Items listed in a dataset:
▼
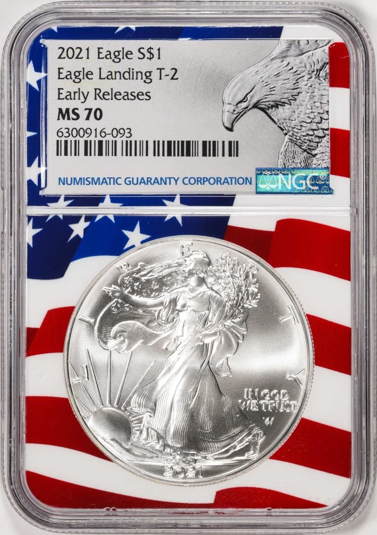 2021 Type 2 $1 American Silver Eagle Coin NGC MS70 Early Releases Flag Core
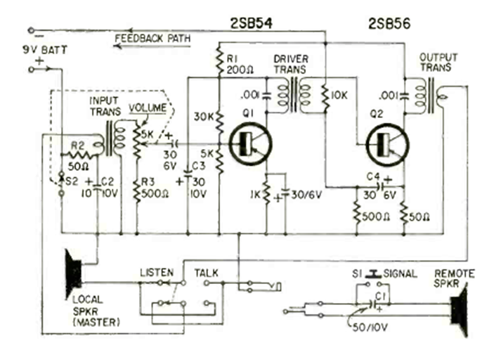 This wired intercom circuit was found in a March 1965 Radio Electronics. The circuit uses two transistors and the maximum distance between stations depends on the loss in the wires. Cables do not need to be shielded.
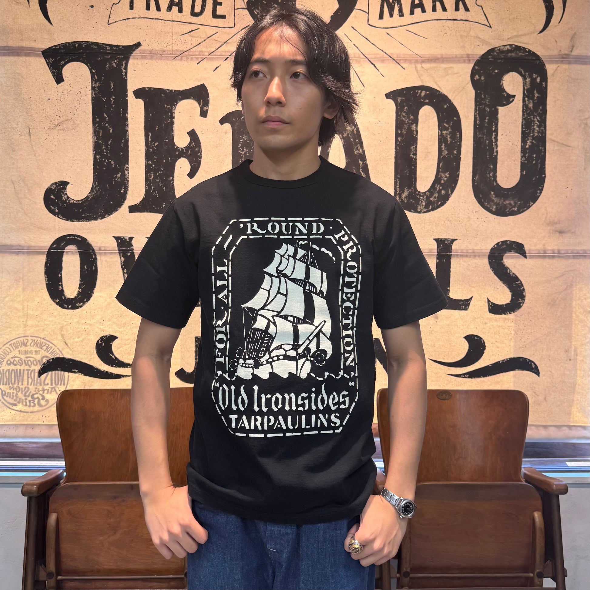 BASIC COLLECTIONより、「TARPAULINS TEE」がリリースされました。このTシャツのプリントデザインは、1928年頃のニューヨークで誕生したボート用防水シートメーカーのロゴを再現したものです。黒ボディには水性ラバープリント、ホワイトボディには染み込みプリントを採用し、それぞれ異なる風合いをお楽しみいただけます。ボディは新たにリニューアルされ、和歌山県で編み立てられた14/-の丸胴ボディを使用。38サイズから46サイズまでの全5サイズ展開となっています。特に46サイズの丸胴編みは、対応可能な工場が少なく、希少性の高いアイテムです。ニッター(編み手)さんの協力のもと、このサイズを復活させました。使用した14番の糸は空紡糸を使い、乾いた質感で程よい肉感のボディに編みたてています。生地の状態で染めることで深みのある色に染めあがります。縫製に綿糸を使用し、自然な仕上がりを実現。首部分はバインダー仕様で、伸びにくく、長時間着用しても快適なフィット感が持続します。比較的大判のプリントが印象的で、インパクトのあるデザインが特徴の一枚です。ぜひ、この「TARPAULINS TEE」をお試しください。
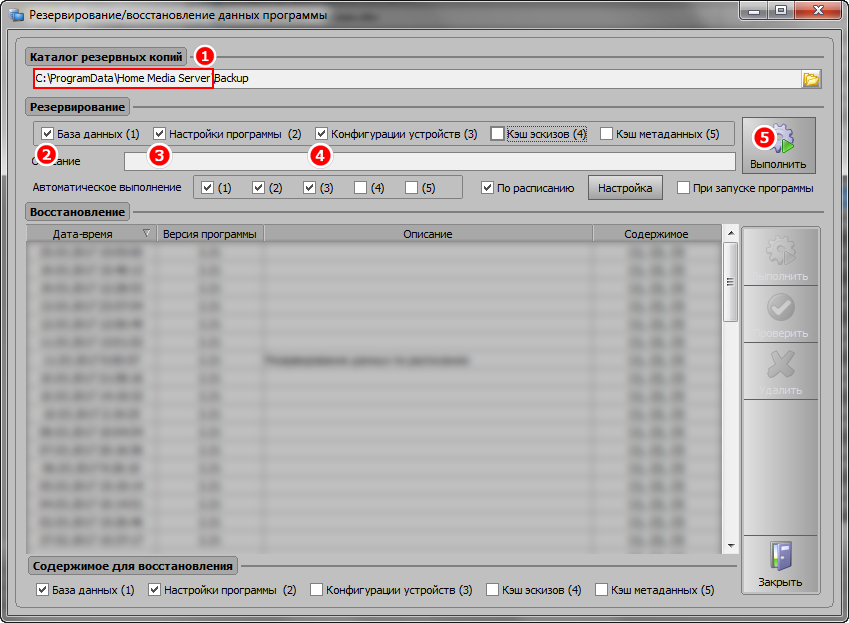 В приведенном примере каталогом хранения базы будет: c:\ProgramData\Home Media Server.
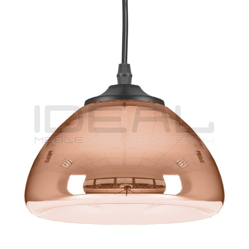 Lustrzana lampa w kolorze miedzianym doskonale komponuje się z drewnianymi meblami oraz ciepłymi barwami, takimi jak brązy czy beże. Jest to kolor, który wprowadza do wnętrza elegancki i ciepły klimat.
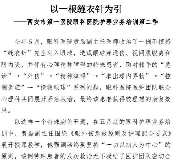 以一根缝衣针为引——男同视频 眼科医院护理业务培训第二季
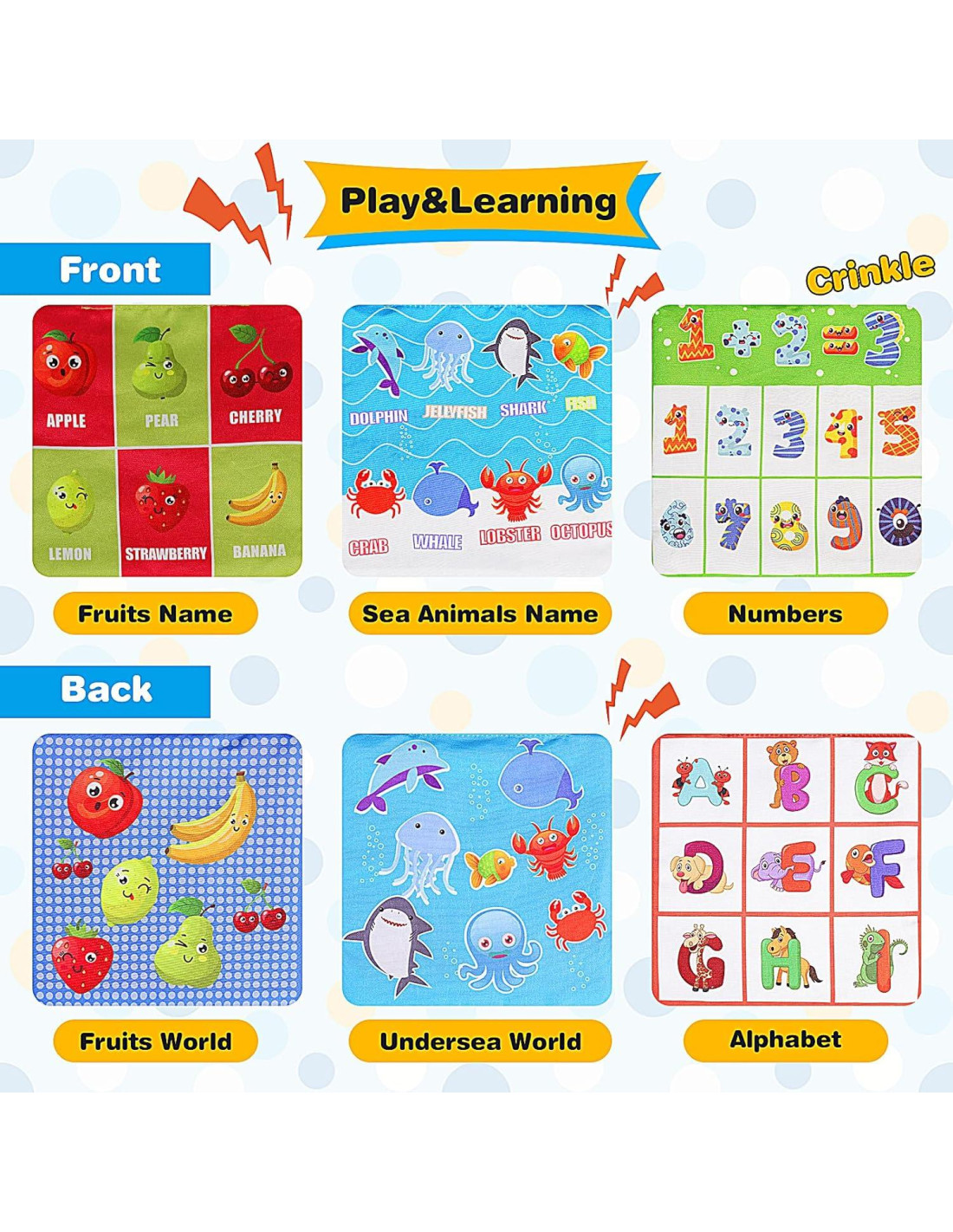 - Estimula el Desarrollo de la Visión y la Audición del Bebé: Nuestro juguete de caja de pañuelos proporciona 3 papeles arrugados de múltiples temas para el bebé, 10 bufandas de juego coloridas para bebés y un espejo para tiempo de barriga para que jueguen niños de un año. Los niños pequeños se sentirán atraídos por los colores vibrantes y el sonido arrugado, lo que promoverá sus habilidades motoras finas, distinguir colores, estimular el desarrollo de su audición y visión, y ejercitar su iluminación cerebral temprana.
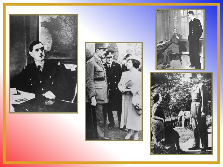 1890 1940 1970 Qu’ont en commun ces trois dates? Elles ont en commun un grand personnage du 20 e siècle : Charles de Gaulle. L’année 2010 marque à la fois le 120 e anniversaire de sa naissance, le 70 e anniversaire de son appel historique à la Résistance et le 40 e anniversaire de sa mort. Il eût été difficile de ne pas souligner ce triple anniversaire. En images et en paroles, voici donc tel qu’en lui-même Charles de Gaulle : hautain, spirituel, drôle, profond, visionnaire, humaniste, poétique… et bien davantage que ne peuvent le résumer ces quelques mots et ce diaporama. (Les photos qui illustrent ce diaporama ne sont pas toujours d’une qualité exceptionnelle. Elles datent d’une époque bien antérieure au numérique. Elles n’en constituent pas moins un témoignage pour l’Histoire. ) R. Day
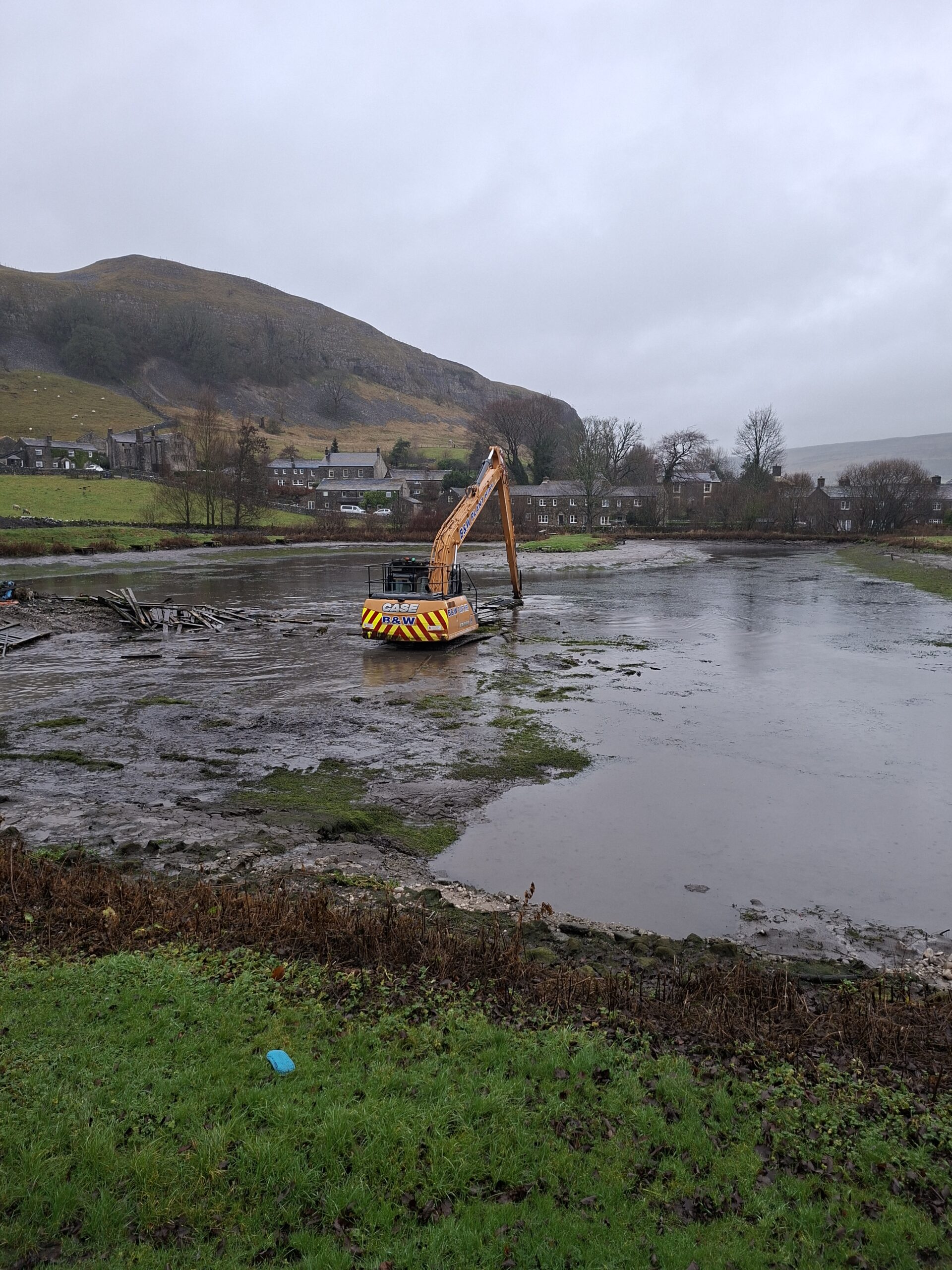 Since we began our desilting project in mid December, what is normally a quiet time of year at Kilnsey has become a hive of activity, with pumping, scraping, shovelling and dumping taking place across the site.
▲
## WHAT TO PRODUCE
Please copy the data shown above word for word, omitting the pictures.

## SOLUTION
 2021 Type 2 $1 American Silver Eagle Coin NGC MS70 Early Releases Flag Core
 This wired intercom circuit was found in a March 1965 Radio Electronics. The circuit uses two transistors and the maximum distance between stations depends on the loss in the wires. Cables do not need to be shielded.
 BASIC COLLECTIONより、「TARPAULINS TEE」がリリースされました。このTシャツのプリントデザインは、1928年頃のニューヨークで誕生したボート用防水シートメーカーのロゴを再現したものです。黒ボディには水性ラバープリント、ホワイトボディには染み込みプリントを採用し、それぞれ異なる風合いをお楽しみいただけます。ボディは新たにリニューアルされ、和歌山県で編み立てられた14/-の丸胴ボディを使用。38サイズから46サイズまでの全5サイズ展開となっています。特に46サイズの丸胴編みは、対応可能な工場が少なく、希少性の高いアイテムです。ニッター(編み手)さんの協力のもと、このサイズを復活させました。使用した14番の糸は空紡糸を使い、乾いた質感で程よい肉感のボディに編みたてています。生地の状態で染めることで深みのある色に染めあがります。縫製に綿糸を使用し、自然な仕上がりを実現。首部分はバインダー仕様で、伸びにくく、長時間着用しても快適なフィット感が持続します。比較的大判のプリントが印象的で、インパクトのあるデザインが特徴の一枚です。ぜひ、この「TARPAULINS TEE」をお試しください。
 В приведенном примере каталогом хранения базы будет: c:\ProgramData\Home Media Server.
 Lustrzana lampa w kolorze miedzianym doskonale komponuje się z drewnianymi meblami oraz ciepłymi barwami, takimi jak brązy czy beże. Jest to kolor, który wprowadza do wnętrza elegancki i ciepły klimat.
 以一根缝衣针为引——男同视频 眼科医院护理业务培训第二季
 - Estimula el Desarrollo de la Visión y la Audición del Bebé: Nuestro juguete de caja de pañuelos proporciona 3 papeles arrugados de múltiples temas para el bebé, 10 bufandas de juego coloridas para bebés y un espejo para tiempo de barriga para que jueguen niños de un año. Los niños pequeños se sentirán atraídos por los colores vibrantes y el sonido arrugado, lo que promoverá sus habilidades motoras finas, distinguir colores, estimular el desarrollo de su audición y visión, y ejercitar su iluminación cerebral temprana.
 1890 1940 1970 Qu’ont en commun ces trois dates? Elles ont en commun un grand personnage du 20 e siècle : Charles de Gaulle. L’année 2010 marque à la fois le 120 e anniversaire de sa naissance, le 70 e anniversaire de son appel historique à la Résistance et le 40 e anniversaire de sa mort. Il eût été difficile de ne pas souligner ce triple anniversaire. En images et en paroles, voici donc tel qu’en lui-même Charles de Gaulle : hautain, spirituel, drôle, profond, visionnaire, humaniste, poétique… et bien davantage que ne peuvent le résumer ces quelques mots et ce diaporama. (Les photos qui illustrent ce diaporama ne sont pas toujours d’une qualité exceptionnelle. Elles datent d’une époque bien antérieure au numérique. Elles n’en constituent pas moins un témoignage pour l’Histoire. ) R. Day
 Since we began our desilting project in mid December, what is normally a quiet time of year at Kilnsey has become a hive of activity, with pumping, scraping, shovelling and dumping taking place across the site.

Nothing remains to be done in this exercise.